If HMRC are requesting information which relates to a period that pre-dates this, then they will need to be able to demonstrate that they have a reasonable position to raise an assessment. In most cases, this would be to demonstrate the suggestion of careless or deliberate behaviour.
This point has been considered in various cases.
In the case before the FTT of The Barty Party Company Limited v HMRC [TC06116], the taxpayer successfully appealed the notice on this ground, in relation to an ongoing VAT enquiry.
In the decision, at paragraph 64 the tribunal judge stated:
Our view is that if HMRC wish to ask for information which goes beyond the four year enquiry window, they need to give a reason why, which we would expect to be that there is some suggestion of deliberate error on the part of the taxpayer. No such suggestion was made in this case.
The above ruling is for VAT, so does not make a distinction for careless behaviour. However, the understanding to be drawn from that decision, is that where the information requested relates to a period beyond that for which HMRC could issue an assessment, it is not reasonably required to check the taxpayer’s tax position.
This was also considered in the case of Hackmey v HMRC [TC08487], where in the decision the judge commented at paragraph 43:
It must then follow that it cannot be reasonable for HMRC to require documents and information that relate to a period for which HMRC are out of time to raise assessments.
If HMRC do not have a reasonable belief that they could raise an assessment, then the requests for information from this period would not be reasonably required.
The one caveat to this would be information from earlier periods may still be reasonably required if it is relevant to a later period where HMRC is not time-barred. A common example of this could be days spent in the UK in earlier years, when considering the Statutory Residence Test.
12. Time limits
When HMRC issues a formal information notice under Schedule 36, they typically allow 30 days for the taxpayer to provide the requested information. For substantial requests, HMRC may grant additional time.
HMRC’s own guidance at Compliance Handbook CH23420 states:
As a general rule of thumb, it might be reasonable to expect that most information or documents could be provided or produced within 30 days from the date of the notice but may need to be longer around a business’s seasonal peaks.
However, recently, we have seen more instances where HMRC sets deadlines of less than 30 days, often following the VAT enquiry model of 21 days.
The appeal window for a Schedule 36 information notice is 30 days from the date of the notice, and with the new approach from HMRC, this leads to the unusual scenario where a taxpayer could miss the deadline for complying with a notice, and therefore be liable to an initial penalty, for a notice which is not finalised and can still be validly appealed.

What is interesting is that the legislation does not prescribe a statutory minimum response time.
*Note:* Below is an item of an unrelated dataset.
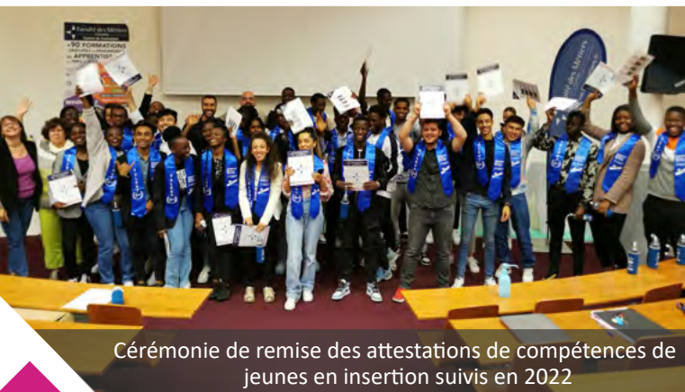
Cérémonie de remise des attestations de compétences de jeunes en insertion suivis en 2022

*Depuis 2010, la mission Handicap œuvre pour l'égalité des chances dans l'accès à la formation et à l'emploi des PSH et a accompagné 1 383 personnes.

It simply requires that HMRC allow a reasonable period for compliance.
Historically, the 30-day deadline was common practice, and considering the appeal window, one might also argue common sense.
On receipt of a notice, check both the compliance deadline and the appeal deadline immediately. If the response period is short, consider whether a reasonable extension should be requested.
13. Summary and practical points
It is important to consider both informal and formal information requests from HMRC carefully.
HMRC are entitled to know the full facts relating to a person’s tax position, and on this basis, there is a substantial amount of information that they are entitled to request. However, this does not mean that a taxpayer should automatically provide every item included on a Schedule 36 Information Notice.
Each item on the notice should be considered on its own merits, as to whether it is a reasonable request, and the extent of the notice should also be considered in line with the time provided by HMRC to comply.
Whilst the penalties for non-compliance may appear small at first glance, these can grow and can also have a knock-on impact on other aspects of an enquiry, in particular with possible behaviour discussions and future information requests.